Résumé:
Mediterranean ecosystems are considered paricularly sensitive to
climate change. Any change of climatic factors affects the structure
and the functioning of these ecosystems and has influence on the plant
productivity. The main objective of this work is to characterize one of
the Mediterranean ecosystems; the forest of the Mahouna (located in
the North East of Algeria) in point of view of edaphic, vegetation and
their climate link using meteorological data (precipitation and temperatures for a period of 30 years) and satellite imagery for the
period from 1987 to 2015. The analysis of vegetation enables to
determine 46 botanical families with dominance of phanerophytes and
therophytes, which grow on rich soils in organic matter, with an acid
pH, variable texture from sandy-loamy, silty-sandy to clay or very clay
at different places.

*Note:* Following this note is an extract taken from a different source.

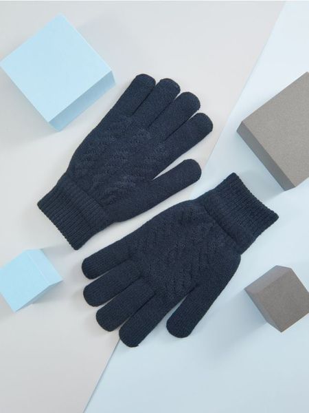 Sinsay – Rękawiczki – granatowy – teksturowana, dzianinowa powierzchnia,wykończenie przy nadgarstku, które jest nieco bardziej ściągnięte

The diachronic study of this massive shows a
reduction in the area of plant cover in the order of 1.97%. The climate
analysis indicates an increase in the monthly average maximum
temperatures, with a highly significant warming of 0.12 ° C for the
spring season and the rainfall is variable from one year to another and
tends to a more and more dry years . The three-hours thermal data for
the period from 2000 to 2010 highlights 502 days of cold stress and
373 days of heat stress, affecting plant productivity, where there was a
decrease in NDVI values of vegetation exposed to thermal stress
periods.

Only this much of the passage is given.